WHAT TO WORK ON
Give the lines below again, exactly as they stand, and leave out the images.

Source data
- Opening Delimiter -
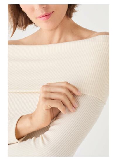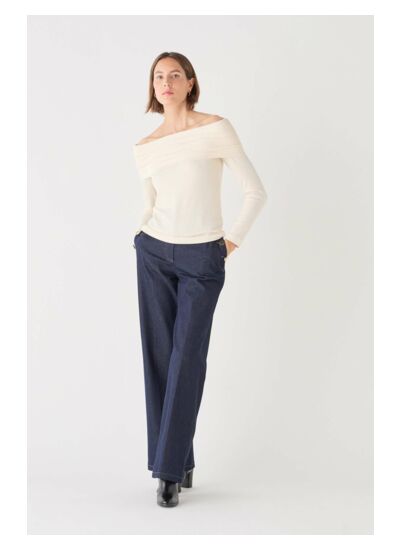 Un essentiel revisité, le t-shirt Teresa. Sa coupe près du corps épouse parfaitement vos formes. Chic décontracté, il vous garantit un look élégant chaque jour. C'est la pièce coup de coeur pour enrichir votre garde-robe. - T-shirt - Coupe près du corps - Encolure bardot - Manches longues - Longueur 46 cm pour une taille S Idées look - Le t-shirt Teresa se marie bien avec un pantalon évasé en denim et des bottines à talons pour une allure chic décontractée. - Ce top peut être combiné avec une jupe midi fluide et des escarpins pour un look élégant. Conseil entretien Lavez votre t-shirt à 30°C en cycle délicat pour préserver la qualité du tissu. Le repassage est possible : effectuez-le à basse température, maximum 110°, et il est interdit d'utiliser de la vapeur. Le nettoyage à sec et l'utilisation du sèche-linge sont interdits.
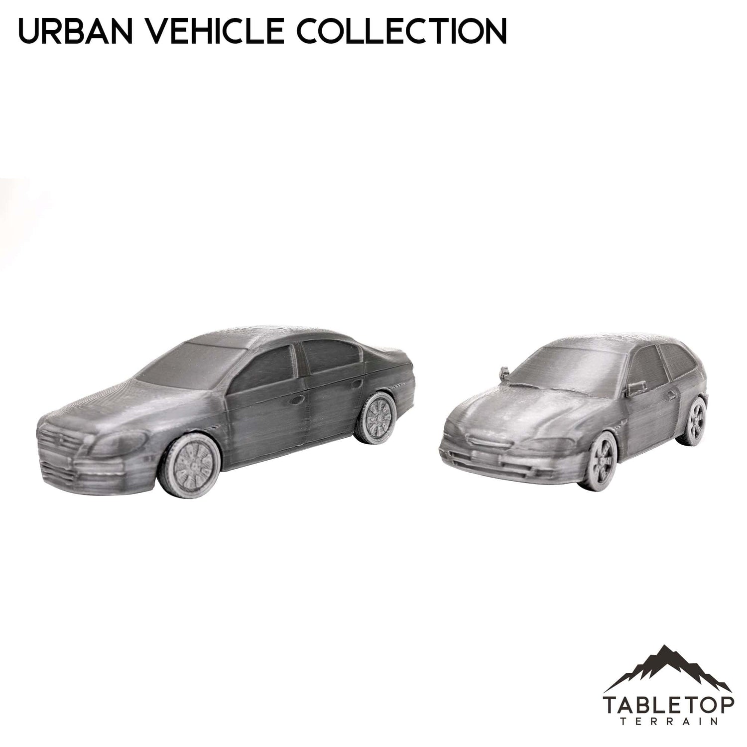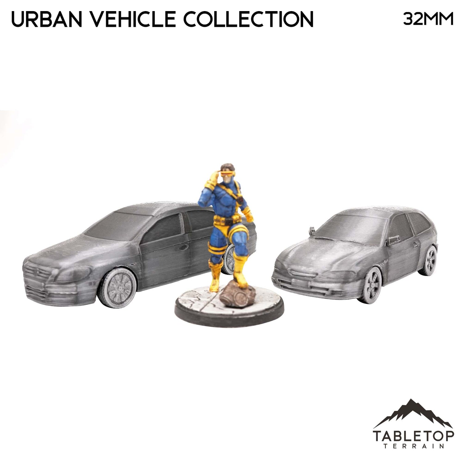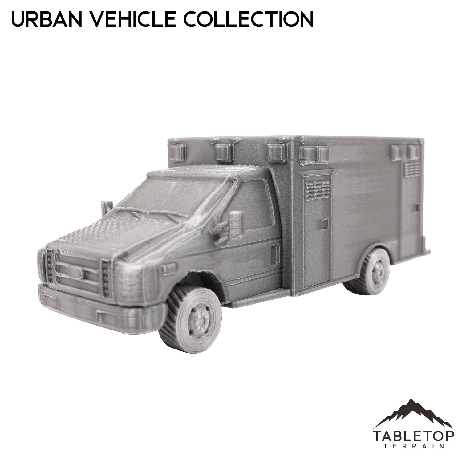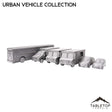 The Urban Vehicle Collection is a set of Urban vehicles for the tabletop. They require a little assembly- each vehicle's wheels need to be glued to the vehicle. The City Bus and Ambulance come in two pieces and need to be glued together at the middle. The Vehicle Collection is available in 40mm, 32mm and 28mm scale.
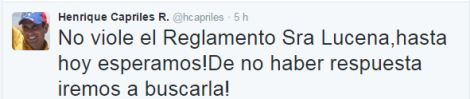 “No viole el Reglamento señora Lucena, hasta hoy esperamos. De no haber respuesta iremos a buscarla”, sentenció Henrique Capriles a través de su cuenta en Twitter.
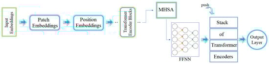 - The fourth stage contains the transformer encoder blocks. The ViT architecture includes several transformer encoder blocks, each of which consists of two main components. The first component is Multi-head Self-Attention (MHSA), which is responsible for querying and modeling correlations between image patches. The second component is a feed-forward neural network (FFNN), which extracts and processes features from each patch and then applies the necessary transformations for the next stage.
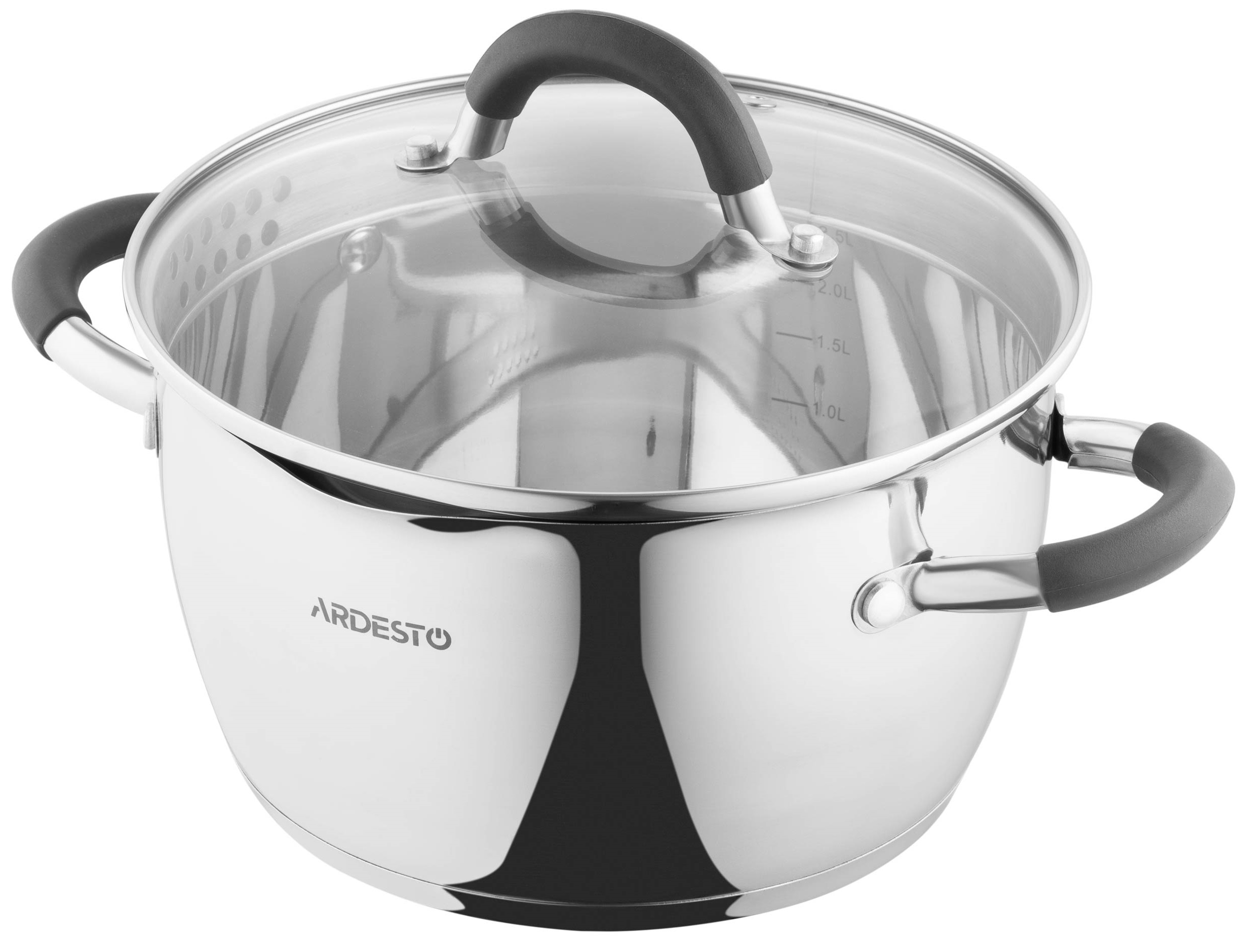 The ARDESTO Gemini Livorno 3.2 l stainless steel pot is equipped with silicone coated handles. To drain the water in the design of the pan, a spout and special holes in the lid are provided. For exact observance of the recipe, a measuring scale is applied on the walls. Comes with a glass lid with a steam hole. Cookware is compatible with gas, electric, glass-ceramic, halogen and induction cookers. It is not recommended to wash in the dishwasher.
- Closing Delimiter -
WRITTEN RESPONSE
 Un essentiel revisité, le t-shirt Teresa. Sa coupe près du corps épouse parfaitement vos formes. Chic décontracté, il vous garantit un look élégant chaque jour. C'est la pièce coup de coeur pour enrichir votre garde-robe. - T-shirt - Coupe près du corps - Encolure bardot - Manches longues - Longueur 46 cm pour une taille S Idées look - Le t-shirt Teresa se marie bien avec un pantalon évasé en denim et des bottines à talons pour une allure chic décontractée. - Ce top peut être combiné avec une jupe midi fluide et des escarpins pour un look élégant. Conseil entretien Lavez votre t-shirt à 30°C en cycle délicat pour préserver la qualité du tissu. Le repassage est possible : effectuez-le à basse température, maximum 110°, et il est interdit d'utiliser de la vapeur. Le nettoyage à sec et l'utilisation du sèche-linge sont interdits.
 The Urban Vehicle Collection is a set of Urban vehicles for the tabletop. They require a little assembly- each vehicle's wheels need to be glued to the vehicle. The City Bus and Ambulance come in two pieces and need to be glued together at the middle. The Vehicle Collection is available in 40mm, 32mm and 28mm scale.
 “No viole el Reglamento señora Lucena, hasta hoy esperamos. De no haber respuesta iremos a buscarla”, sentenció Henrique Capriles a través de su cuenta en Twitter.
 - The fourth stage contains the transformer encoder blocks. The ViT architecture includes several transformer encoder blocks, each of which consists of two main components. The first component is Multi-head Self-Attention (MHSA), which is responsible for querying and modeling correlations between image patches. The second component is a feed-forward neural network (FFNN), which extracts and processes features from each patch and then applies the necessary transformations for the next stage.
 The ARDESTO Gemini Livorno 3.2 l stainless steel pot is equipped with silicone coated handles. To drain the water in the design of the pan, a spout and special holes in the lid are provided. For exact observance of the recipe, a measuring scale is applied on the walls. Comes with a glass lid with a steam hole. Cookware is compatible with gas, electric, glass-ceramic, halogen and induction cookers. It is not recommended to wash in the dishwasher.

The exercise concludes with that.